Data below —
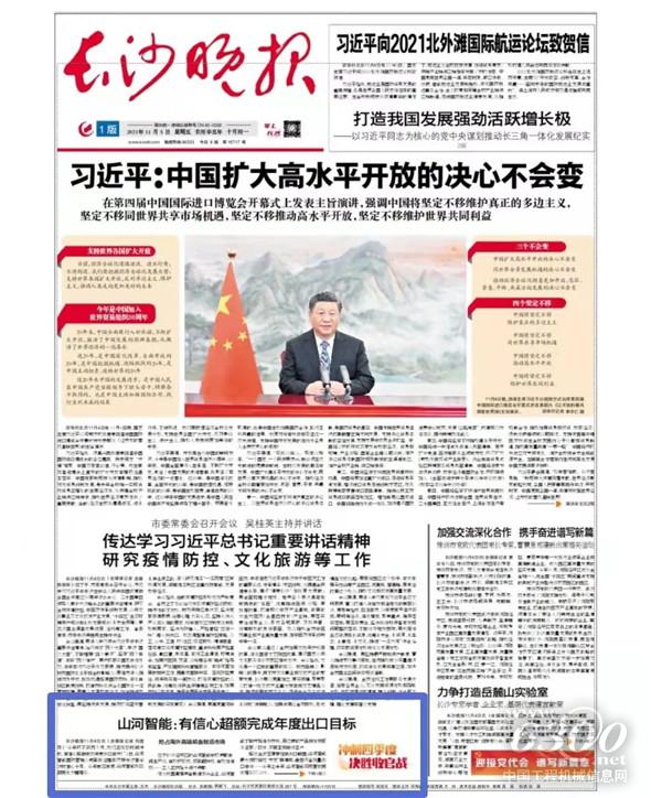 近日,《长沙晚报》对山河智能外贸出口情况给予关注,发布题为《山河智能:有信心超额完成年度出口目标》的报道。
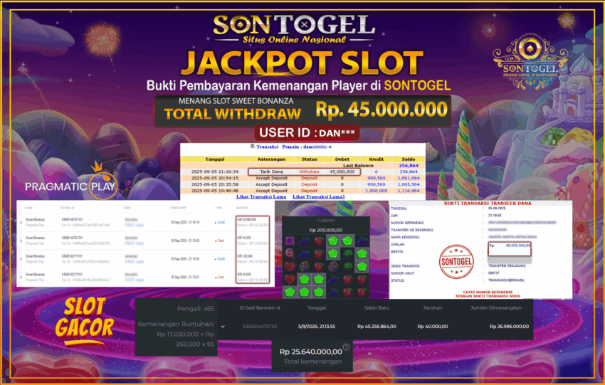 Selamat Kepada Member SONTOGEL dengan USER ID : DAN*** SLOT SWEET BONANZA di PRAGMATIC sebesar RP.45.000.000,- LUNAS langsung di transfer ke rekening member tanpa kurang sepeserpun. Terimakasih telah mempercayakan SONTOGEL sebagai Situs Online Terpercaya dan Aman! Jangan tunggu tunggu lagi! langsung saja daftarkan akun bermain di SONTOGEL dan dapatkan bonus berlimpah setiap minggunya.
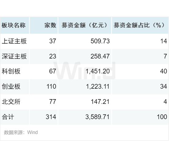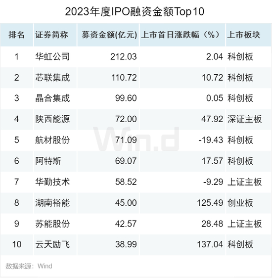 2023年度,IPO融资规模最高的为华虹公司,募资金额高达212亿元。募资规模前十项目里,科创板占据6席。
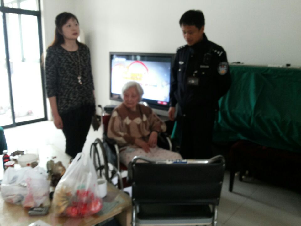 2014年4月10日,奥体社区居委会领导及警务室余警官受党委书记朱月飞的委托去清竹园看望高龄老人。该老人现年95岁,平时身体很好,因近日不小心摔了一跤导致行动不便。社区领导听说以后,带着水果前去慰问。经过简单的交谈之后,该户的确有很多生活不便的困难,社区领导决定在近期内派社区志愿者协助照顾老人,帮助他们度过难关。

What the task requires — This task calls for the listing to be restated exactly, with images omitted.

Response below —
 近日,《长沙晚报》对山河智能外贸出口情况给予关注,发布题为《山河智能:有信心超额完成年度出口目标》的报道。
 Selamat Kepada Member SONTOGEL dengan USER ID : DAN*** SLOT SWEET BONANZA di PRAGMATIC sebesar RP.45.000.000,- LUNAS langsung di transfer ke rekening member tanpa kurang sepeserpun. Terimakasih telah mempercayakan SONTOGEL sebagai Situs Online Terpercaya dan Aman! Jangan tunggu tunggu lagi! langsung saja daftarkan akun bermain di SONTOGEL dan dapatkan bonus berlimpah setiap minggunya.
 2023年度,IPO融资规模最高的为华虹公司,募资金额高达212亿元。募资规模前十项目里,科创板占据6席。
 2014年4月10日,奥体社区居委会领导及警务室余警官受党委书记朱月飞的委托去清竹园看望高龄老人。该老人现年95岁,平时身体很好,因近日不小心摔了一跤导致行动不便。社区领导听说以后,带着水果前去慰问。经过简单的交谈之后,该户的确有很多生活不便的困难,社区领导决定在近期内派社区志愿者协助照顾老人,帮助他们度过难关。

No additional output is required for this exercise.